Data provided —
┌──
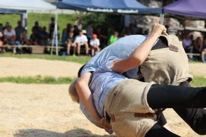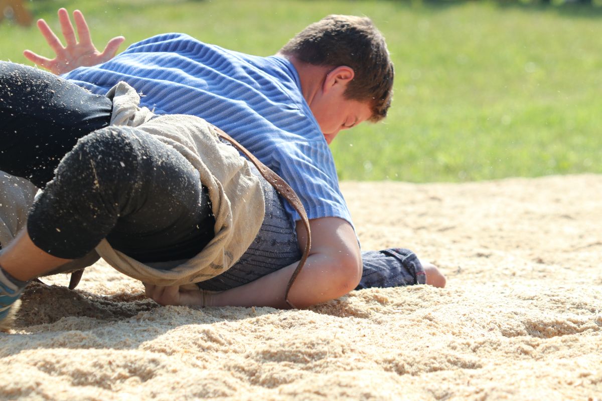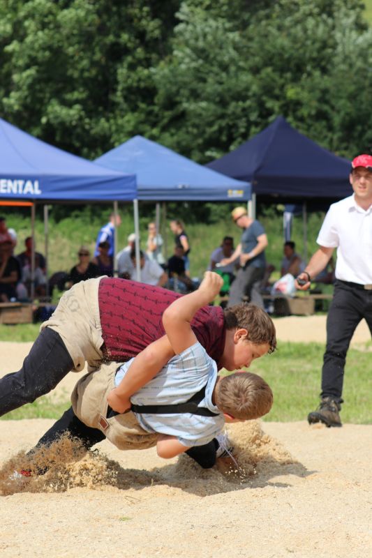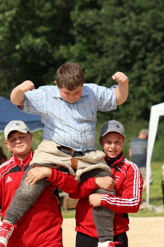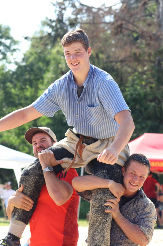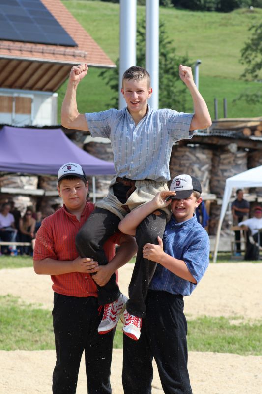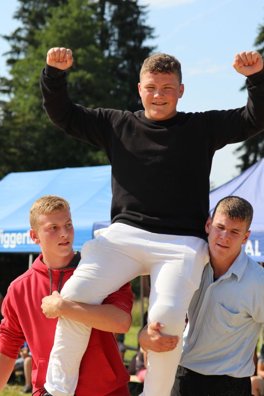Die beiden 16 - jährigen Urner Bissig Lukas und Betschart Roger standen sich im Schlussgang gegenüber. Bereits nach wenigen Sekunden konnte Bissig Lukas seinen Kamaraden ins Sägemehl betten und sich in der ältesten Kategorie als Sieger feiern lassen.
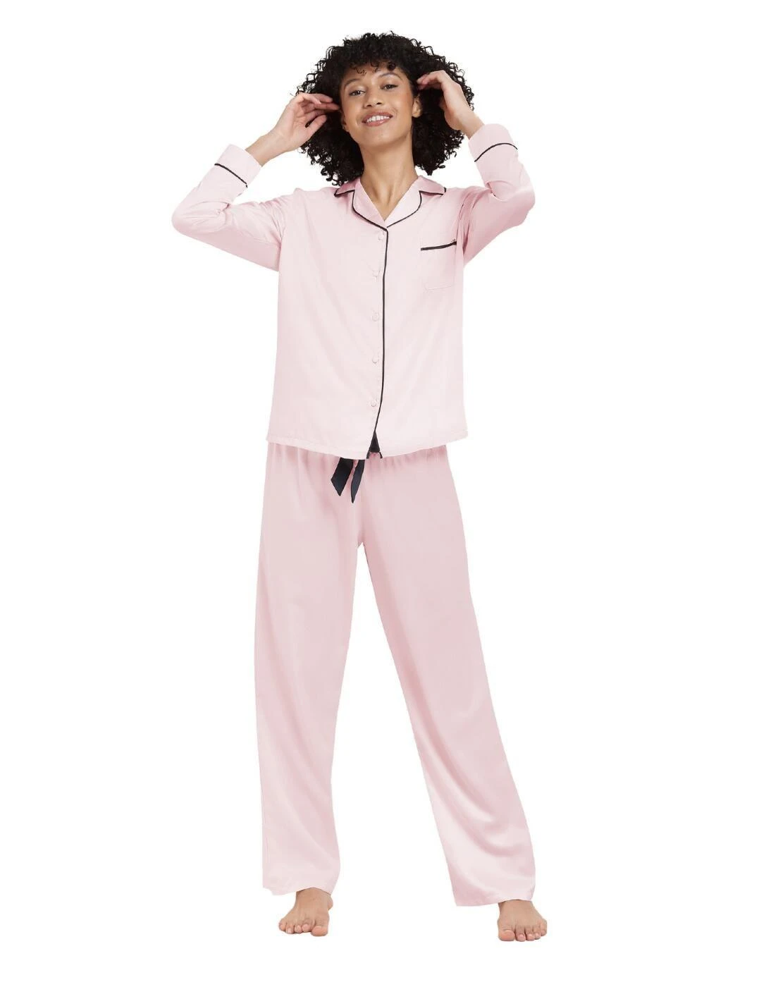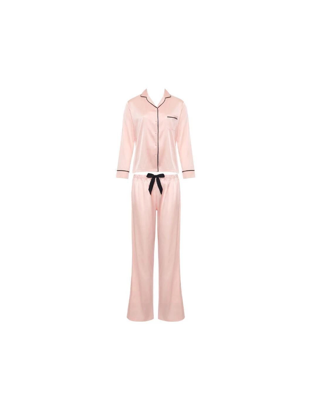 Bluebella Claudia Shirt And Trouser Set – Pale Pink/Black
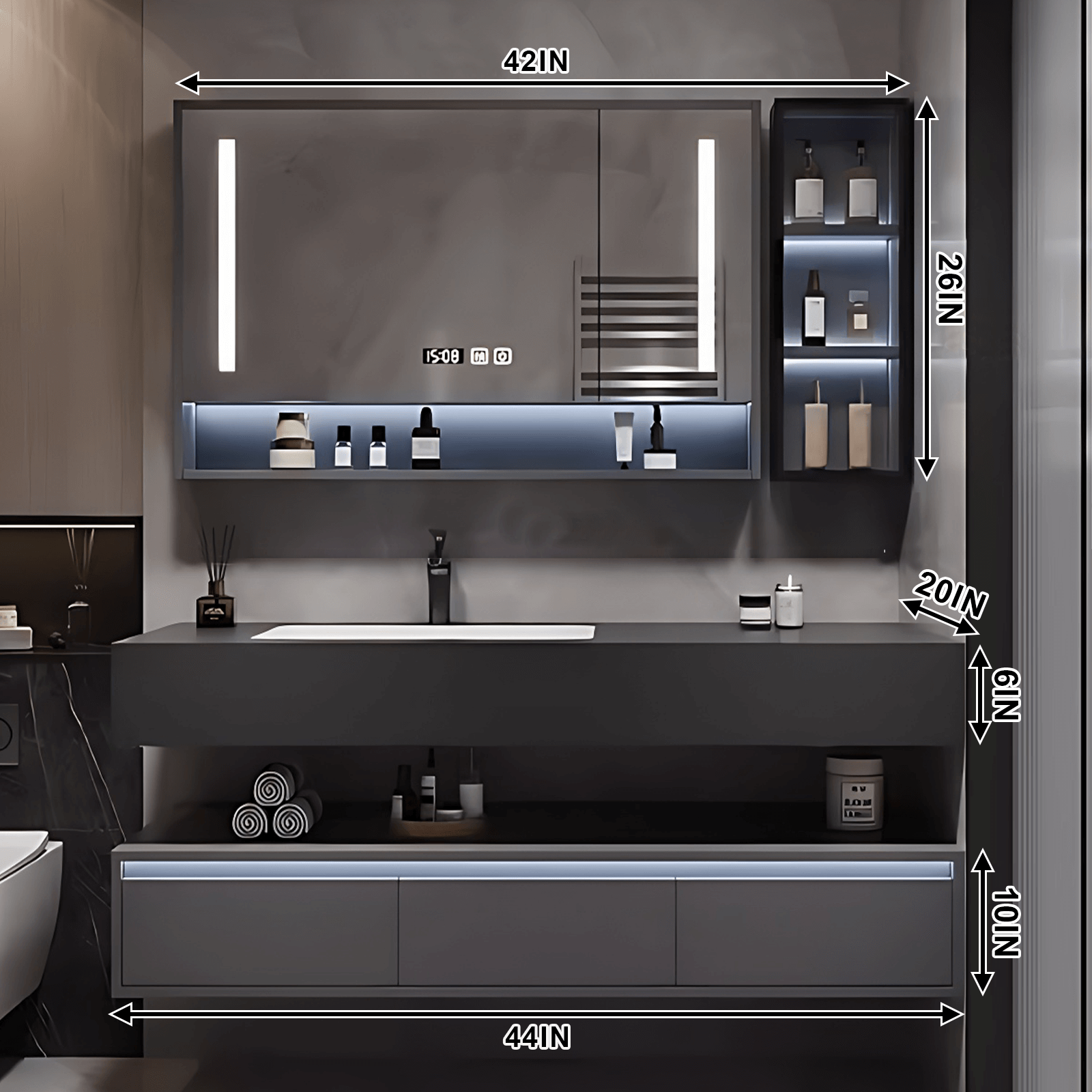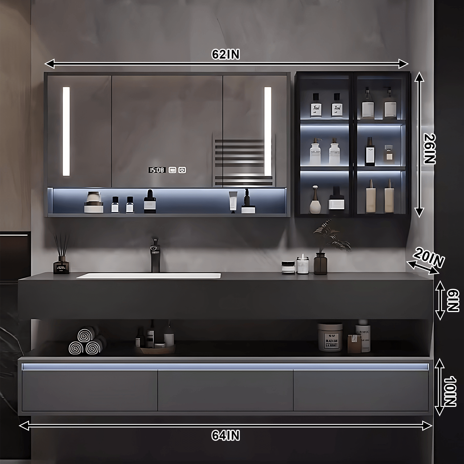 Efficient Organization: Our dressers feature a cleverly designed three-tier storage layout. The smart mirror seamlessly doubles as storage and features convenient side cubbies to seamlessly organize your daily bath products and neatly divide sections. An extra drawer under the sink provides plenty of space to store essentials, making it even more practical. Additionally, the hanging lower section provides easy-to-reach storage space for added convenience.
└──
Exercise brief — Return exactly the lines of the data, beginning with the first and ending with the line containing "Bluebella Claudia Shirt". Skip the pictures.

Answer to this problem —
Die beiden 16 - jährigen Urner Bissig Lukas und Betschart Roger standen sich im Schlussgang gegenüber. Bereits nach wenigen Sekunden konnte Bissig Lukas seinen Kamaraden ins Sägemehl betten und sich in der ältesten Kategorie als Sieger feiern lassen.
 Bluebella Claudia Shirt And Trouser Set – Pale Pink/Black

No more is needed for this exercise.